If you’re thinking of selling your house using owner financing, make sure you read this blog post to learn the 6 owner financing tips for sellers in Salt Lake City…
There are many ways to sell your house. You could list it on the market and see what sellers will pay. You could work with a real estate buying company (like what we do here at YourPriceMyTerms.com) and get a fair all-cash offer, or you can consider owner financing and “be like a Lender” to sell your house to a borrower and collect monthly payments for years to come.
Owner financing is one of the most un-used ways to sell a home and is one of the most under-used strategy to sell. It’s where you offer terms to the buyer to pay you regular payments (just like a mortgage). Here are 6 owner financing tips for sellers in Salt Lake City…
Owner Financing Tip #1: Don’t Focus Only On Price
Price is just one component. Of course, you’ll want to find a price that is fair for both of you but there are other considerations as well (which could benefit you more than the asking price).
Owner Financing Tip #2: Timeline
Think about the timeline you want to be paid in.
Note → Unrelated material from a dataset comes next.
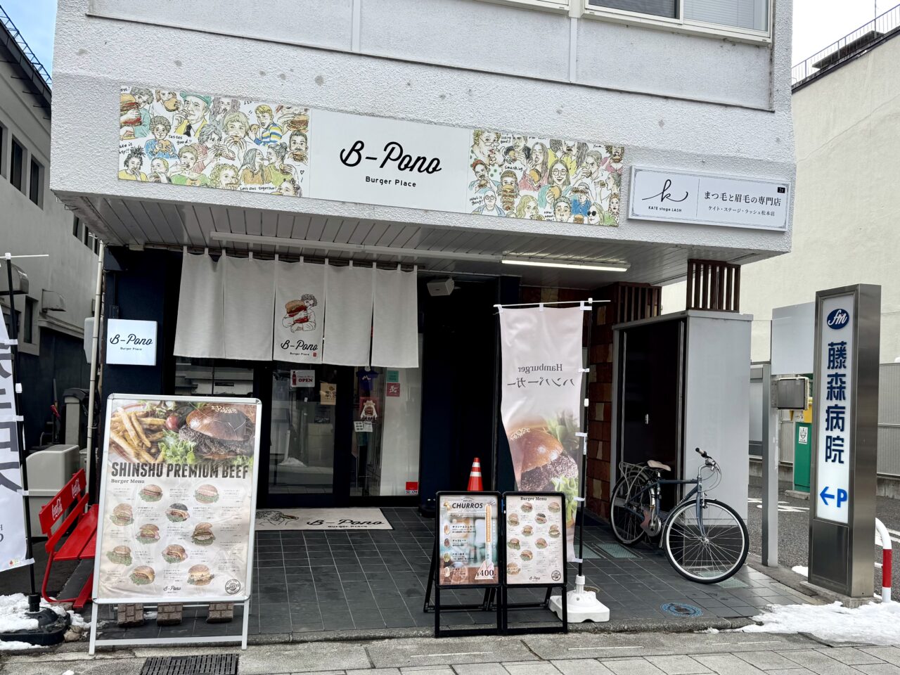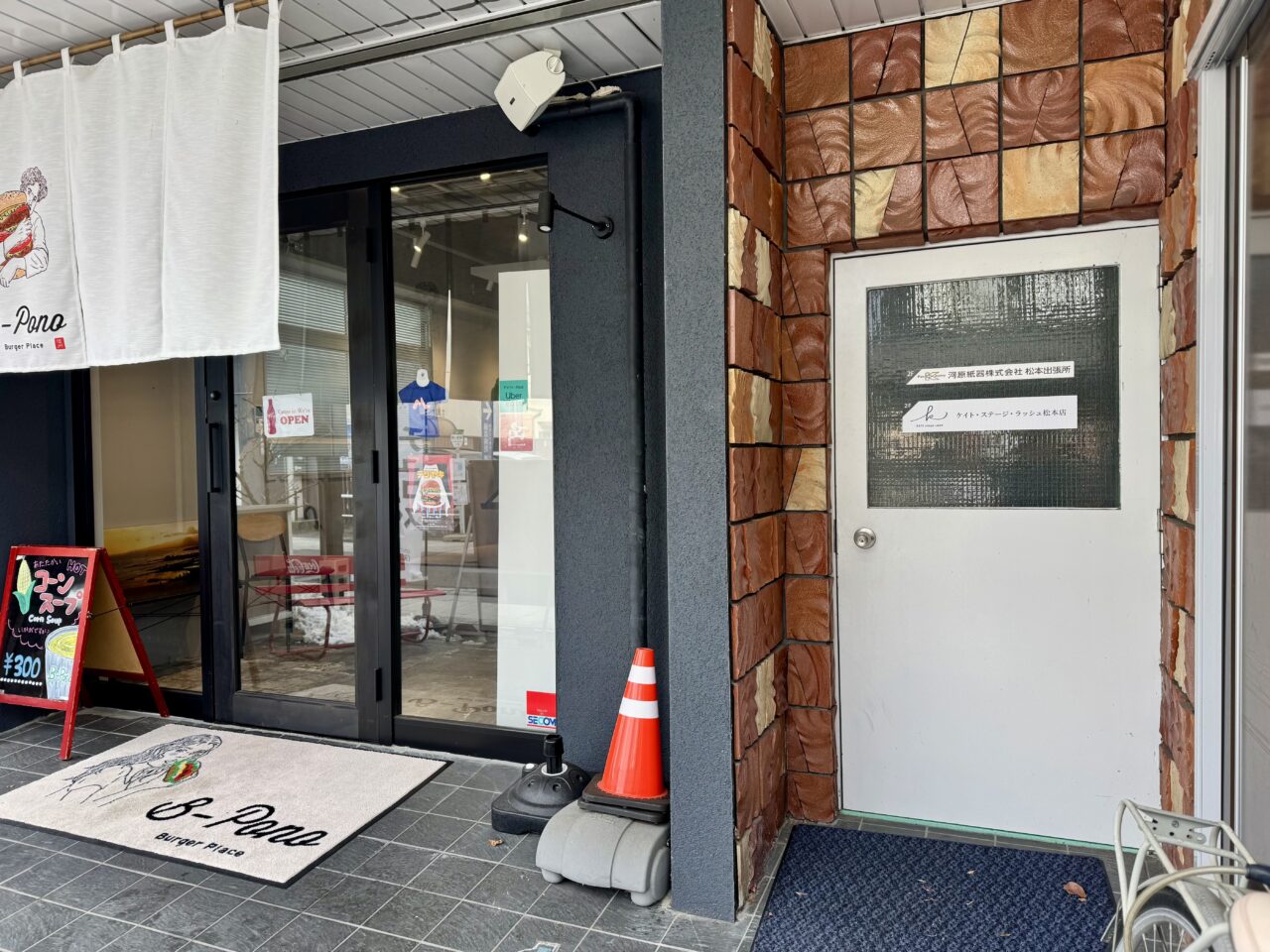 下の写真の生金ビル2階に「 ケイト・ステージ・ラッシュ松本店」があります。1階はバーガープレイスB-Ponoが営業しています。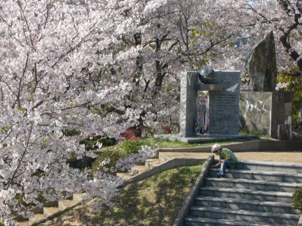 Cherry trees (sakura) in full blossom in a park next to the Atomic Bomb Museum in Nagasaki, Kyushu, Japan - April 7, 2006

Banks might offer 5, 10, 15, 20, and 25-year mortgages. Do you want to accept payments over that period of time? Your buyer will want to find a timeline that works for them, too: they might not want to be paying you 25 years down the road!
Owner Financing Tip #3: Terms
The terms of the deal are one of the most important yet most overlooked parts of the deal. The terms might include things like how much down payment you want if there’s an early repayment penalty or a late payment penalty, and most important – how much interest you charge.
Owner Financing Tip #4: Protect Yourself
Even if you enter into an agreement with someone who is completely trustworthy, things could still go wrong – so make sure you protect yourself. For example, make sure you have insurance and the other person does as well for the various situations that could occur. And consider including a clause that retains the ownership of the house in your name until the house is fully paid.
Owner Financing Tip #5: Build Contingencies
The majority of owner financing agreements will be built around the “ideal scenario” – of what would happen if everything goes as plan. But sometimes things happen, so building in contingencies allow you to make better decisions if the unexpected happens. For example, what if the buyer no longer wants the house, or can longer pay, or wants to pay early, or wants to use the house in a different way than expected? Or what if your circumstances change and you no longer want to sell or you need to sell even faster? Remember if you agree to the contingencies with your buyer ahead of time, everything will go so much smoother.
Owner Financing Tip #6: Get An Attorney
No matter how structured your owner financing deal may be, make sure you work with an attorney who can help you. A poorly drafted agreement could end up hurting you; an attorney can help.